The advantage of the first scheme is that the data between tenants is completely isolated. Users of a company can only access the data in their own database. The implementation principle is usually to obtain the Connection of the corresponding database according to the current user's company, which can only operate on their own company's Schema. The disadvantage is that the database will consume a lot of resources, and it is not easy to unify the upgrade management. The database needs to be upgraded one by one, and the maintenance manpower will be relatively large. Usually, this solution is suitable for large companies with large amount of data and high requirements for data security.

The advantage of the second scheme is relative to the disadvantage of the first scheme, that is, the database is upgraded and maintained uniformly. If a large number of tenants are small companies with small amount of data, it is undoubtedly very appropriate to put their data in the same table. The disadvantage is also obvious, that is, the same database connection is used. If no additional processing is done in the application layer, theoretically, the login user can access the data of different tenants.

The first scheme is the traditional tenant data storage scheme. Before the popularity of microservices, it widely existed in various enterprise oriented application software.

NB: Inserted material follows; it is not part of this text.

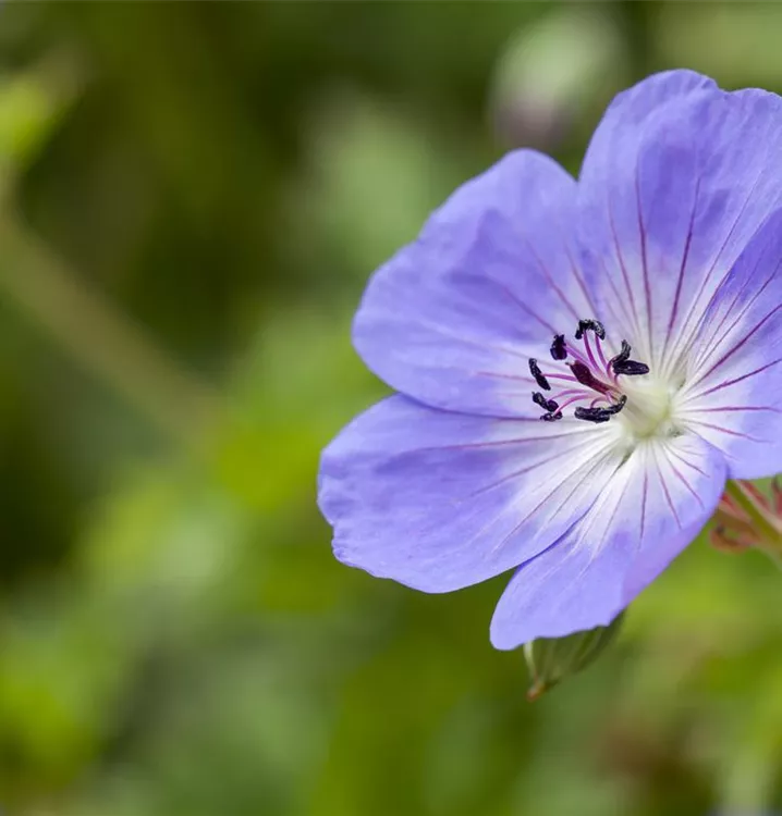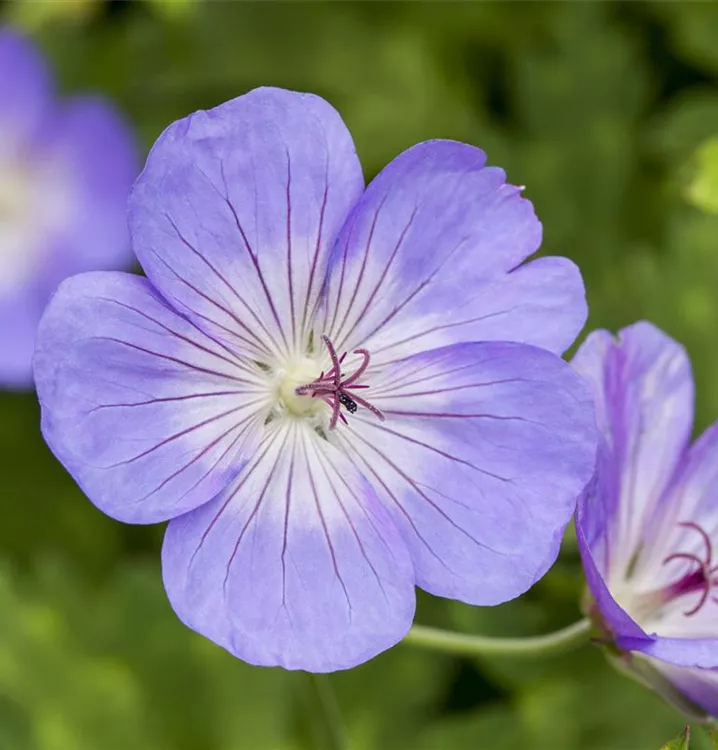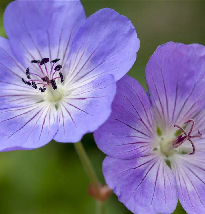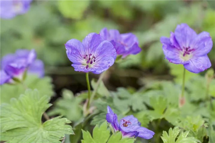 Ein Grund, warum der Storchschnabel 'Rozanne'® eine Bereicherung für den Garten ist, sind sicher seine hübschen Blüten. Ab Juni stellt er dies unter Beweis und lässt seine blauen Blüten für sich sprechen. Bienen und andere Insekten sind schon längst überzeugt von seinen Blüten-Qualitäten. Aber natürlich gehören auch die rundlichen, gelappten Blätter zu Geranium wallichianum 'Rozanne'® und tragen mit ihrer mittelgrünen Farbe zum Charakter dieser sommergrünen Staude bei.

The second scheme becomes more and more popular with the popularity of microservices, because each microservice is usually in the charge of a small team, and they usually don't have enough manpower to upgrade and maintain a set of Schema for each customer company.

The question is, if a multi tenant data storage scheme such as Share Schema is used, how to ensure the security of data access?

One way is to control data access in the application layer. In the design of popular spring boot based microservices in the industry, two database access frameworks are usually used. One is Mybatis, which is popular in domestic Internet companies. The other is JPA, which is used more abroad. As a standard, JPA has two popular implementations, one is hibernate and the other is eclipse link.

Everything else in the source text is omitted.